WORK TO COMPLETE: Exact copy, pictures excluded: set down only the lines from the one with "A close-up view" through the end of the entries, keeping both end lines.

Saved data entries

※ ※ ※

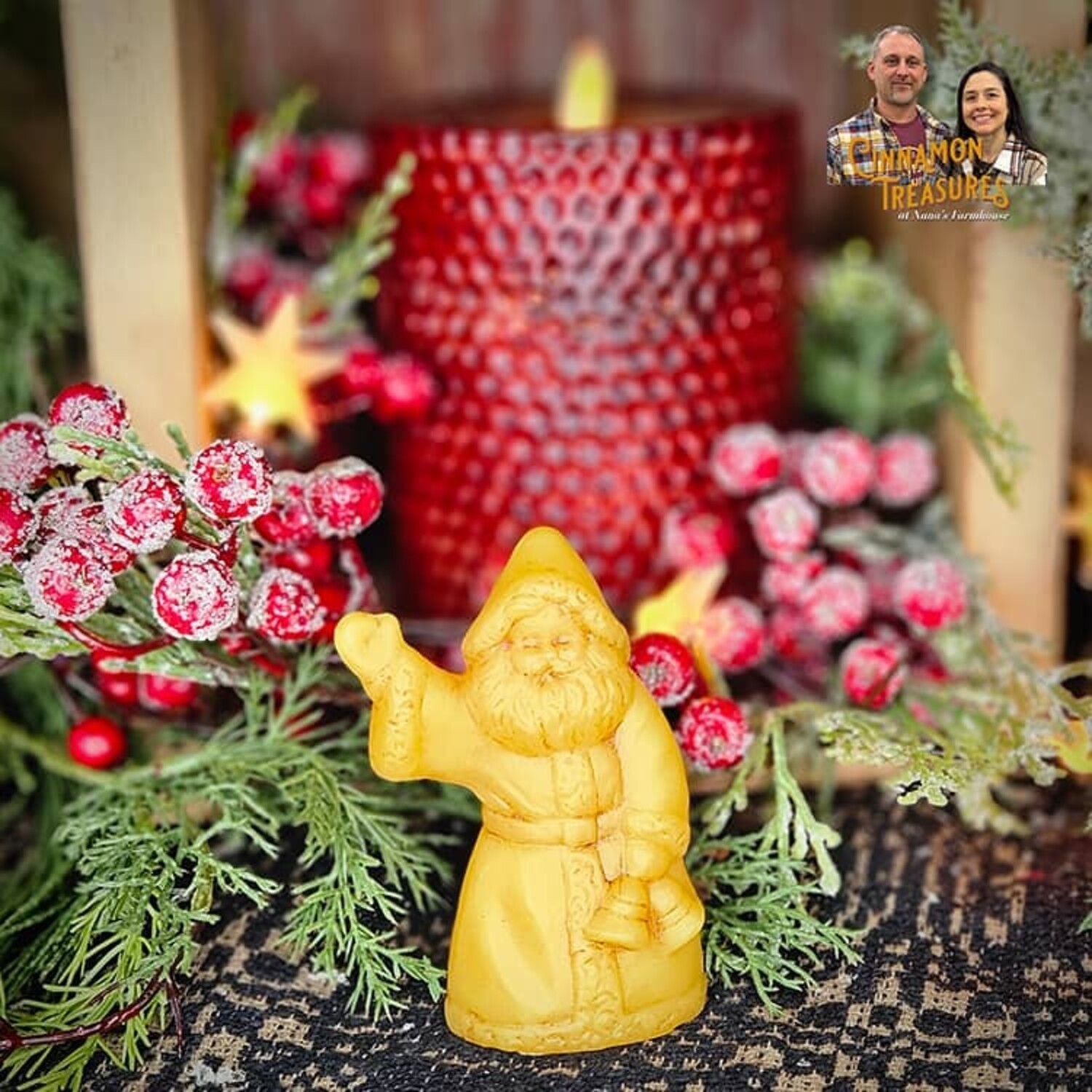 Features of the Natural Beeswax Waving Santa W/Bells Figurine:
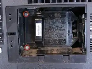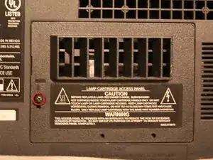 Удалите один винт Филлипс #1 длиной 18 мм на крышке доступа к лампе.
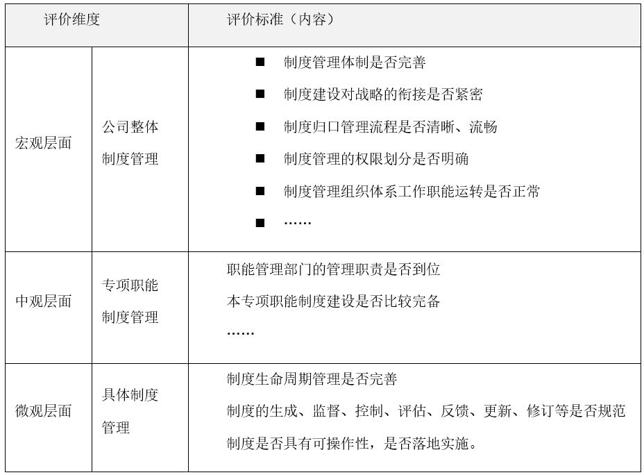 對于制度管理體系的評估,通常從宏觀管理(企業(yè)總體制度管理)、中觀管理(專項(xiàng)職能制度管理)和微觀管理(單體制度管理)三個層面進(jìn)行分類評估,每個層面評估工作的側(cè)重點(diǎn)不同,其中:
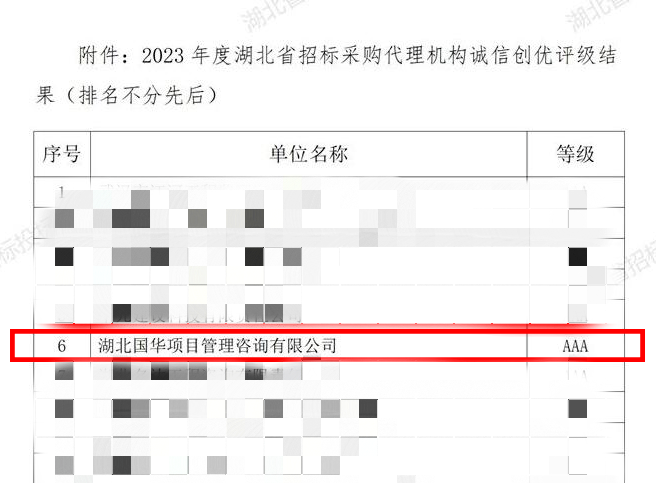 喜报 | 湖北国华荣获2023年度湖北省招标采购代理机构诚信创优AAA级证书
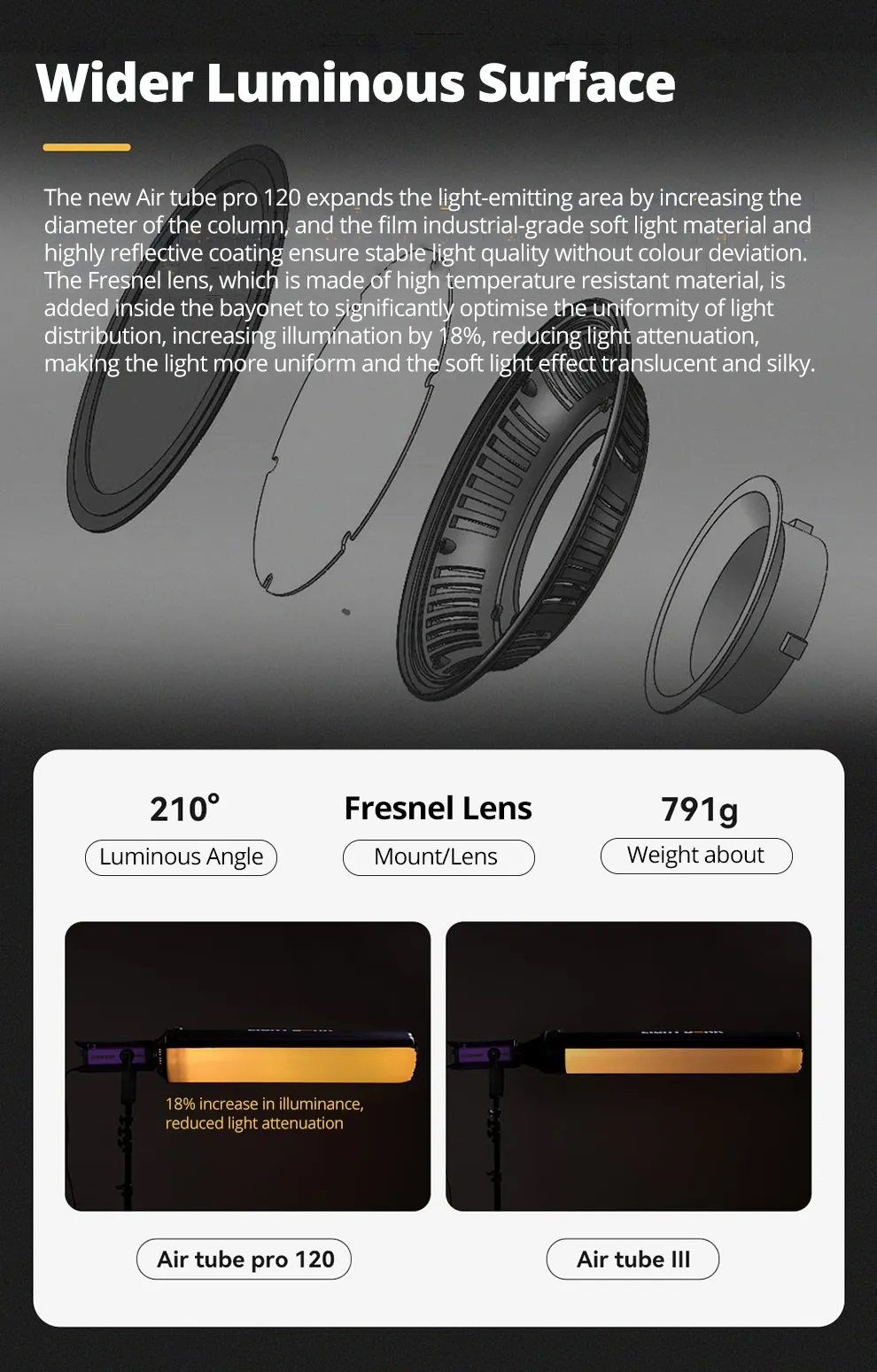 Softbox Air Tube Pro 120 với thấu kính Fresnel
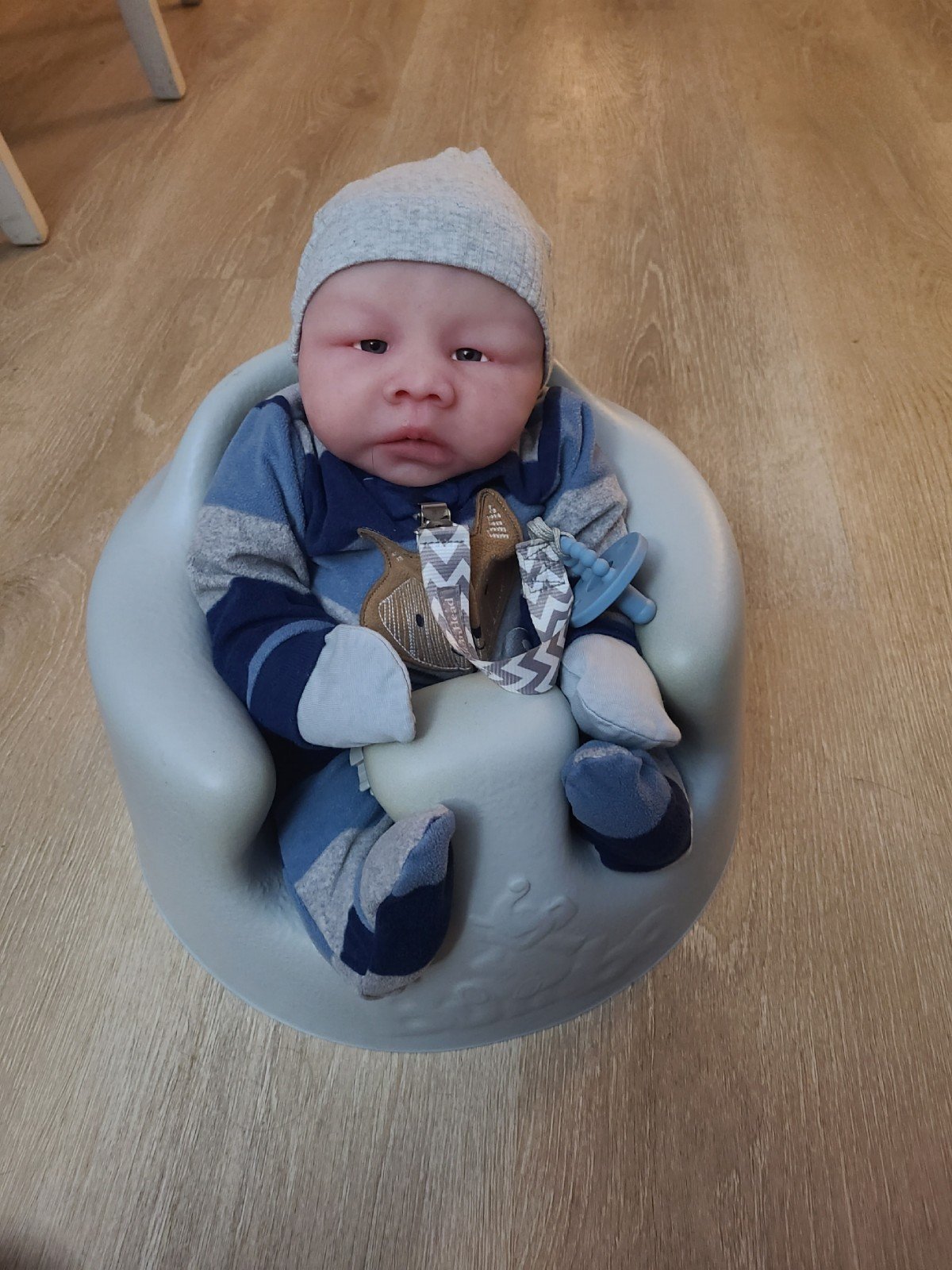 This is silicone cuddle Beau from Baby Biscuit Nursery on esty. She sculpts pours and paints her own silicone work. He does have some light peeling around his mouth. He is being sold as is. Please look at all pictures closely and feel free to ask any questions you may have before purchase, as I do not accept returns for any reason. He wears size 0 to 3 months and is a nice, heavy, chunky boy. He will come home with a small box opening. Including silicone powder, silicone powder bush. And pacifier lube for easy pacifier insertion.
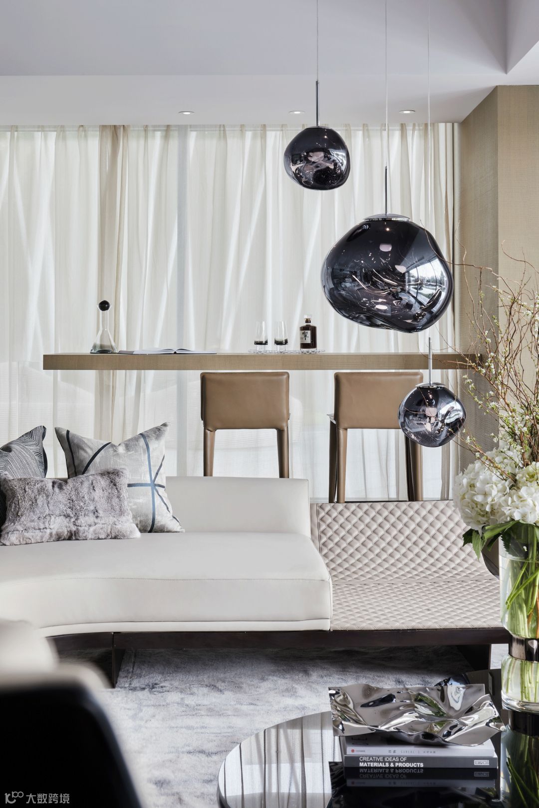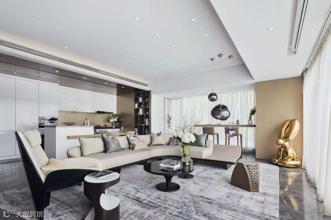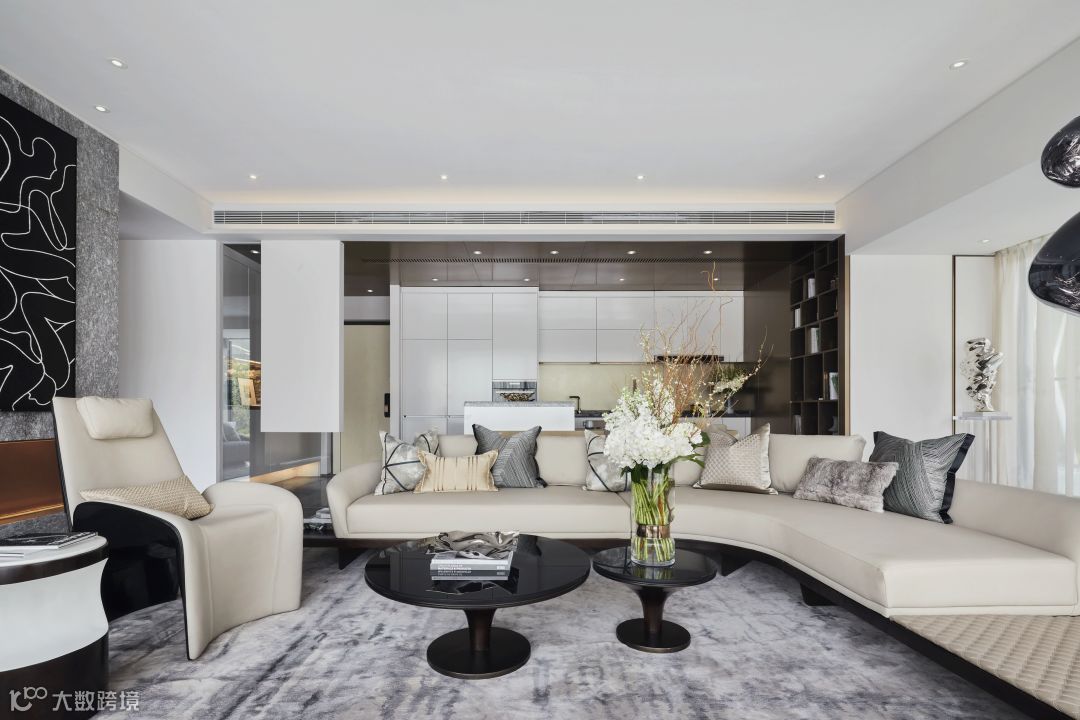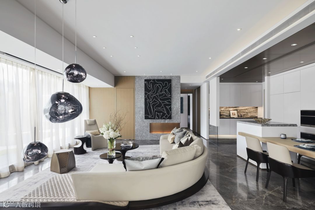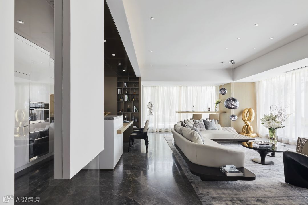 再者,为使同一空间的开放式客厅、餐厅、厨房和吧台之间更加充殷饱满,客厅以大弧度Pininfarina Segno沙发、高低错落的Roche Bobois圆茶几、Giorgetti单椅这样的围合形式,将空间视觉感与整体品质提升到绝佳状态,赋予一种极致灵动的空间感。
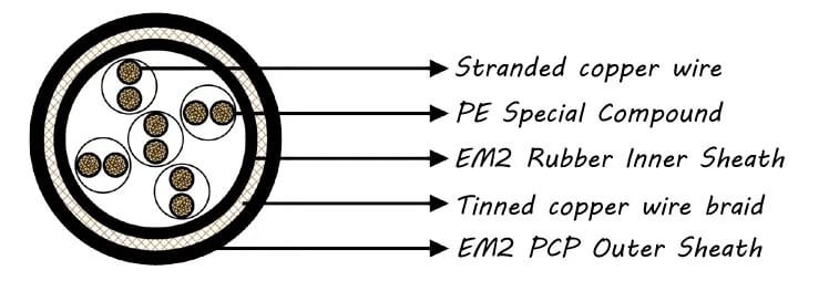 Jacket: Dual‑layer CM type EM2 (chlorinated polyethylene). Resistant to oil, acids, alkali, UV, and chemical corrosion.
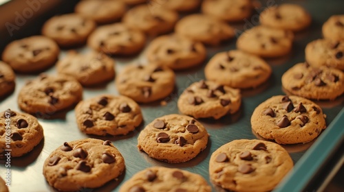 A close-up view of freshly baked chocolate chip cookies cooling on a metal tray, perfect for culinary and baking themes.
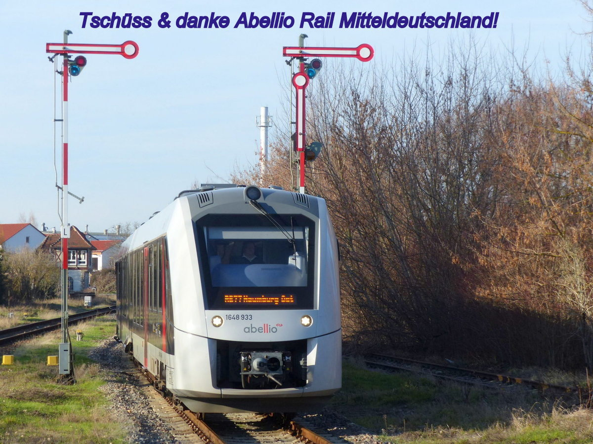 Am 14.12.2024 verabschiedete sich Abellio Rail Mitteldeutschland aus dem DISA-Netz Sachsen-Anhalt und damit auch von der Unstrutbahn. Trotz aller Umstände bedanken wir uns recht herzlich für die gute Zusammenarbeit besonders bei den Sonderfahrten ins thüringische Roßleben. (Foto vom 27.12.2018)
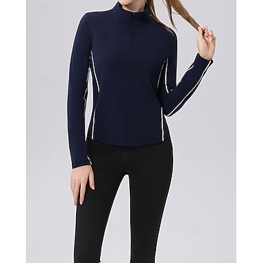 Mujer Color sólido Sudadera tipo polo Falda de tenis Top deportivo Manga Larga Cremallera Transpirable Tenis Golf Corriendo Cuello Alto Chándal Camiseta Azul Oscuro Ropa de tenis

※ ※ ※

RESPONSE TO THE EXERCISE:
 A close-up view of freshly baked chocolate chip cookies cooling on a metal tray, perfect for culinary and baking themes.
 Am 14.12.2024 verabschiedete sich Abellio Rail Mitteldeutschland aus dem DISA-Netz Sachsen-Anhalt und damit auch von der Unstrutbahn. Trotz aller Umstände bedanken wir uns recht herzlich für die gute Zusammenarbeit besonders bei den Sonderfahrten ins thüringische Roßleben. (Foto vom 27.12.2018)
 Mujer Color sólido Sudadera tipo polo Falda de tenis Top deportivo Manga Larga Cremallera Transpirable Tenis Golf Corriendo Cuello Alto Chándal Camiseta Azul Oscuro Ropa de tenis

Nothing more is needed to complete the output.